Barnes crossed his arms and looked skeptical.
‘We’ve identified the man who took Sarah and Simon to the van.’
That got the attention of Barnes and Herbert.
‘He’s named James Phelps, an English priest assigned to the Vatican.’
‘The what?’ Barnes grumbled. ‘Son of a bitch.’
The three were silent for a few seconds. In this profession everything was a question of strategic analysis. Deciding what route to take to get to a determined objective, speculating about what the others would do. The more facts they had to fill in the blanks, the more accurate their speculation. When there was little information, everything was guesswork and hunches. Trusting luck was not good, but sometimes one had no choice.
‘What if we leave the priest out and send out an advisory on just the others?’ Herbert tried again.
‘It won’t work,’ Barnes said. ‘The woman has an influential position at The Times. It’s only going to hurt us.’
More silence.
‘What time is Littel getting here?’ Barnes asked.
‘Two hours from now.’
Barnes sighed.
‘Very well. Two hours. Until then we won’t do anything. When he arrives, we’ll make a decision,’ he blustered again. ‘Get me something in the next two hours, Jerome. We’re not looking good with our friends in Opus Dei.’ He pointed in Herbert’s direction, who noticed his sardonic tone.
The door opened to let in Thompson.
‘We have news.’
‘Spit it out.’ Barnes jumped up.
‘Between five and six a Metropolitan policeman, returning to his house after his shift, saw a Mercedes of the same description as our alert enter the garage of a house on Clapham.’

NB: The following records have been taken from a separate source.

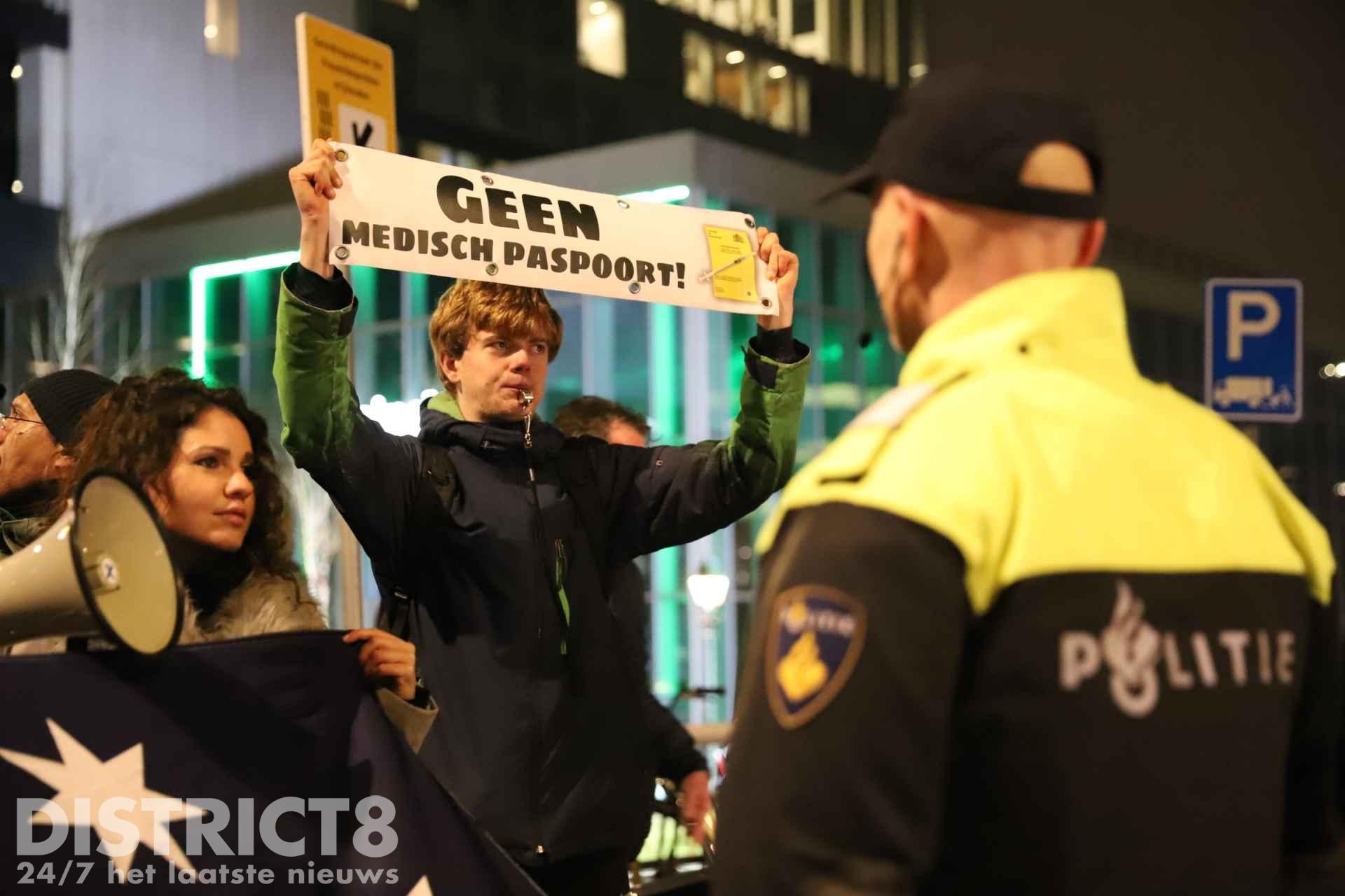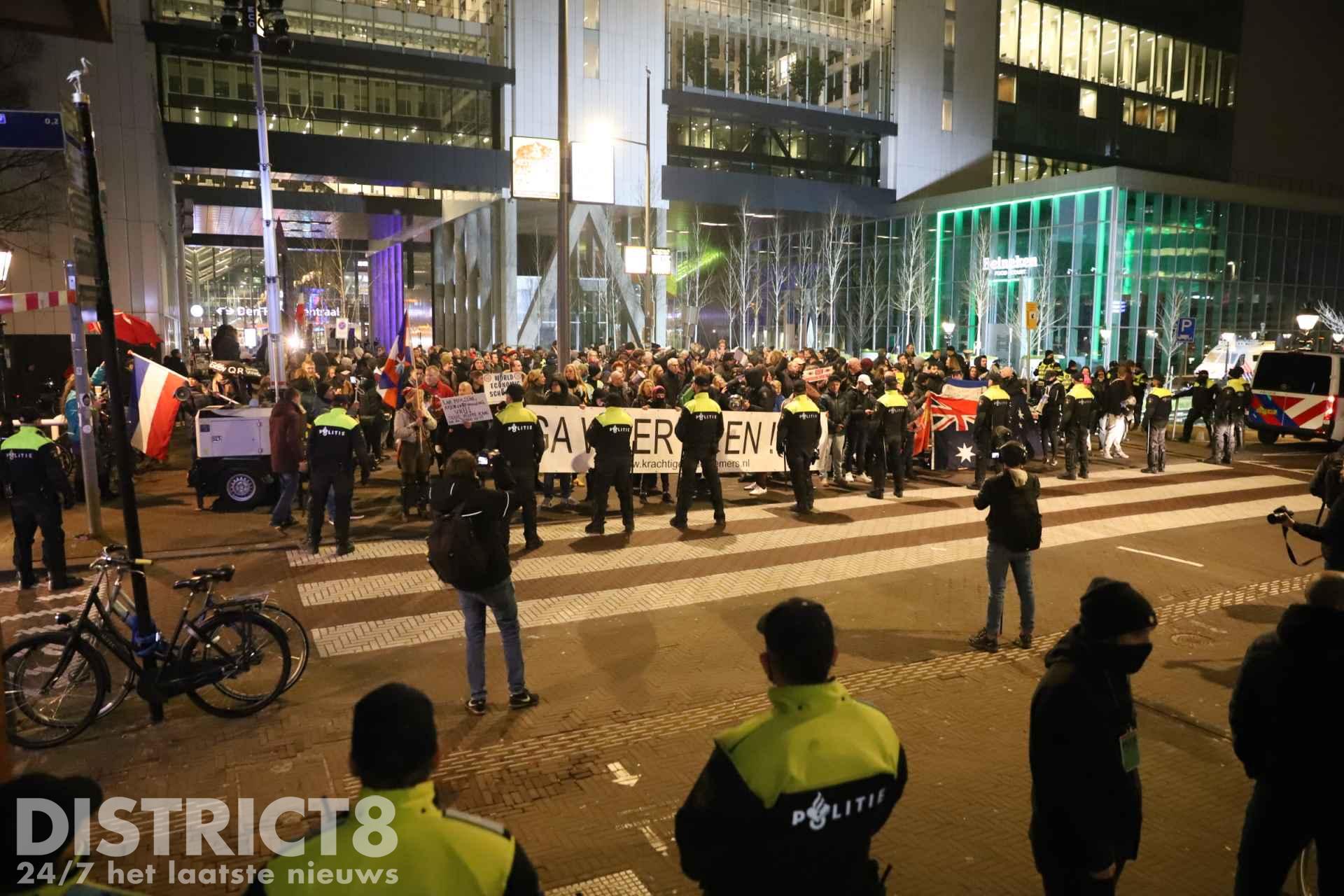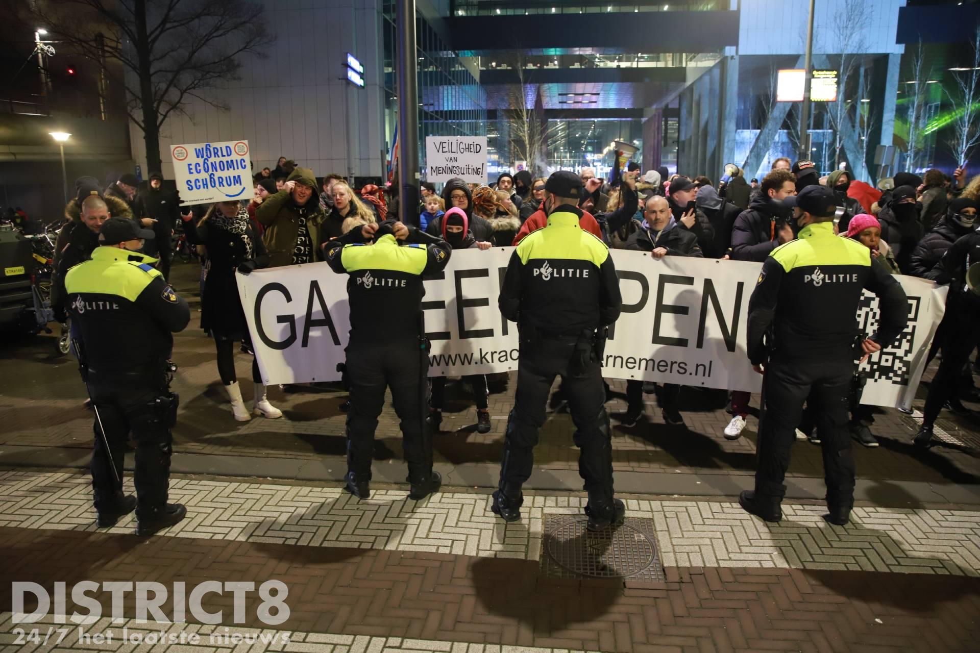 Den Haag – Op de Turfmarkt in Den Haag werd vanavond opnieuw gedemonstreerd tegen de corona maatregelen tijdens de persconferentie van het kabinet.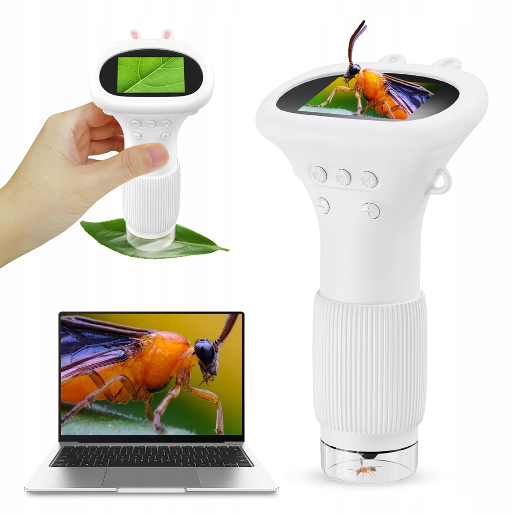 Цифровой микроскоп имеет встроенную память, которая может содержать до 400 фотографий без карты памяти. Тем не менее, вам следует поместить карту памяти TF (не включенную в набор) для записи фильмов. Дети в возрасте 3 лет могут в любое время сэкономить свои открытия и испытать результаты и легко делиться ими с семьей и друзьями.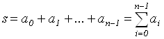 Пусть а[] – заданный массив из n элементов. Сумма всех его элементов в математической форме выглядит следующим образом: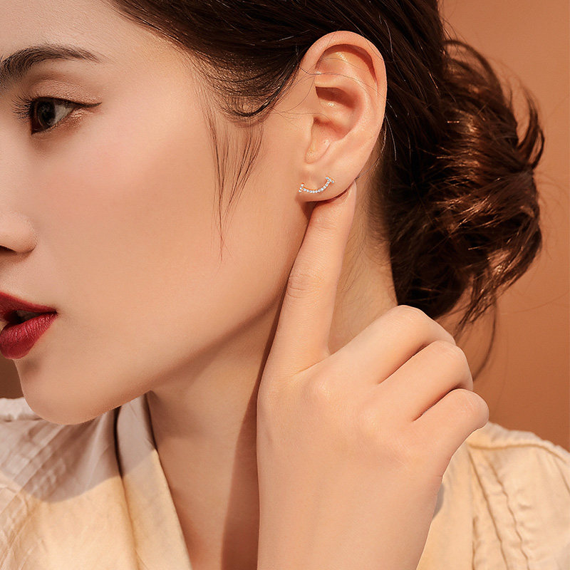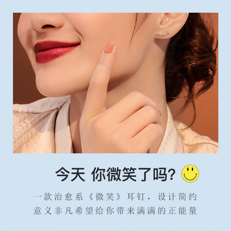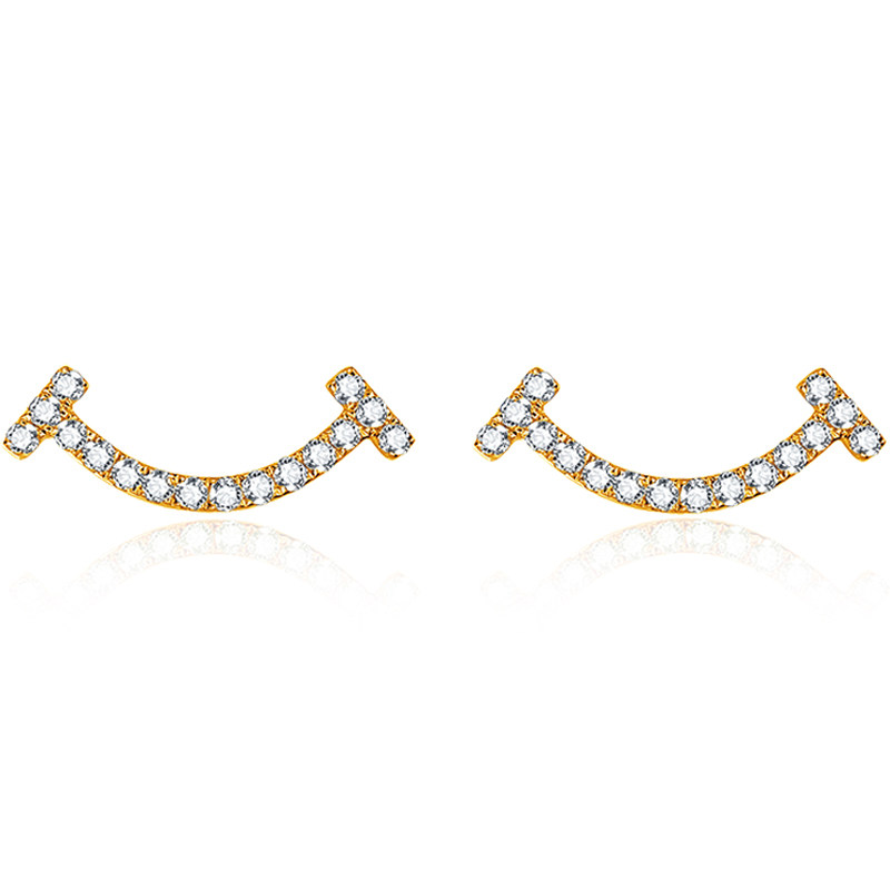 Joy Drilling Diamond Earrings Female White 18K Gold Rose Gold Diamond Earrings With Smiles Diamond Earrings Brief Earrings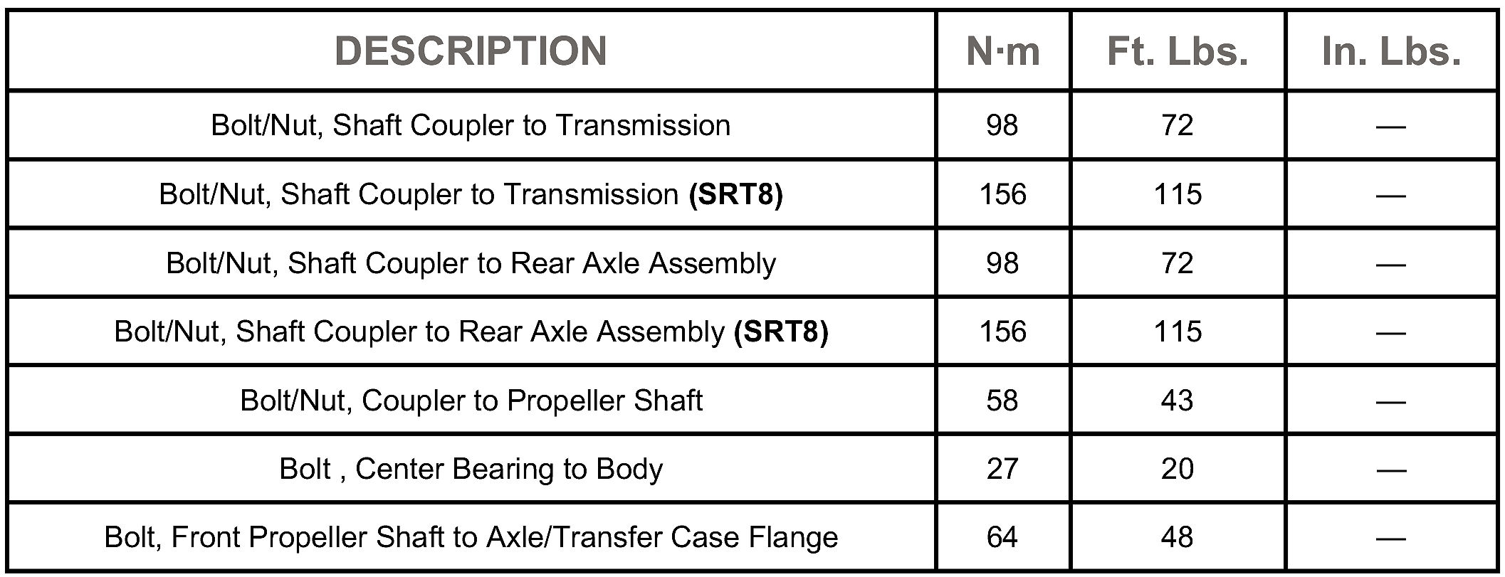 SPECIFICATIONS - TORQUE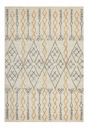 Doplňte vzhľad svojho interiéru dekoratívnym kobercom, ktorý oživí akýkoľvek priestor. Tento koberec s geometrickým vzorom v žltej a čiernej farbe na béžovom podklade vynikne najmä vtedy, ak ho umiestnite vedľa pohovky alebo postele v svetlom neutrálnom odtieni. Je ručne všívaný a je vyrobený z bavlny, ktorá je zárukou dlhoročnej odolnosti a kvality.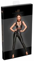 Jumpsuit made out of very stretchy (power) wet look in a shiny matte black look. With transparent powernet inserts over the breasts, on the straps and around the waist. There is an adjustable velvet strap going from the cleavage area right up to the neck. With a zip at the back and a 2-way zip over the crotch. Tight-fitting. 80% polyamide, 20% spandex; powernet 85% polyamide, 15% spandex.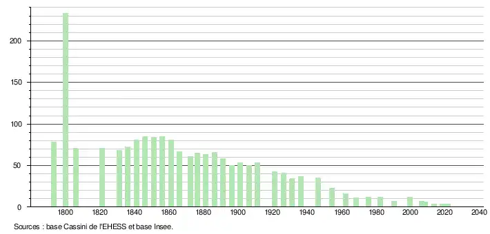 L'évolution du nombre d'habitants est connue à travers les recensements de la population effectués dans la commune depuis 1793. Pour les communes de moins de 10 000 habitants, une enquête de recensement portant sur toute la population est réalisée tous les cinq ans, les populations légales des années intermédiaires étant quant à elles estimées par interpolation ou extrapolation[33]. Pour la commune, le premier recensement exhaustif entrant dans le cadre du nouveau dispositif a été réalisé en 2008[34].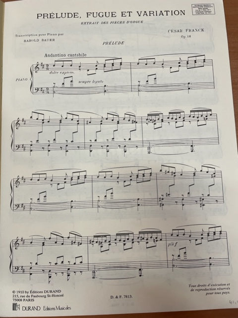 César Franck prélude, fugue et variation opus 18 partition pour orgue

‘What are we waiting for, gentlemen?’ Barnes asked as he grabbed his gun.
43
Mirella
May 7, 1983
At the age of sixteen the libido renewed itself every second that passed. The awakening of sensual, lustful feelings, satisfied with the simple stare of a longing male, avid for a contact that is never permitted. The first steps in the art of seduction began, the looks, the signs one body sends to another, under control at this stage or not, affected by an urgent immaturity satisfied by a simple smile, an anxious voice greeting one from a distance, a compliment shouted from a Lambretta that made one blush secretly, the more direct the better, a furtive touch, without delicacy, on a buttock covered with a tight skirt. Triumph was an invitation to go out, or a kiss on the mouth, with or without the tongue, according to what she wanted — it’s always she who asks — or, the gold medal, an invitation to dinner with an older man. Not with just any twenty-year-old student, studying architecture or law, which would also be a victory, but with a man turning thirty-seven or forty, with a car, house, settled life, perhaps divorced, in fact separated, one or two children he doesn’t bother to mention, desiring the new feeling of a younger woman, a woman capable of turning the clock back to former years of passion.
Mirella looked at herself in the mirror for the umpteenth time. One couldn’t run risks in an encounter of this kind. Any error was harmful, able to shake the confidence of an adolescent who considered herself an adult. Of course she wasn’t actually thinking of these technicalities. She acted with an instinct for self-preservation humans can’t escape no matter how intelligent they consider themselves.
Obviously, when she was sixteen, her parents were not going to permit a candlelit romantic dinner, as she imagined, with a man old enough to be her father, enchanted with her femininity, ready to smother her with expensive presents and endless gallantries. So she’d accepted his suggestion to tell her parents she was staying with an old friend from school. That way no suspicions were aroused. Not to do that invited a serious paternal interrogation that would conclude with a prohibition without appeal, tears on Mirella’s part, locking herself in her bedroom for hours lamenting her bad luck and cursing her bad parents, and a long face for days until she found a new source of diversion to make her forget the previous one. But none of that was necessary.
‘Where are you going to eat?’ asked her mother, who had just come in the bedroom where Mirella, elegant and beautiful, was admiring herself in the mirror.
‘At Campo dei Fiori. I still don’t know where,’ Mirella replied without taking her eyes off what looked like the inopportune beginning of a pimple on her chin. ‘What a bother. It’s starting to look red.’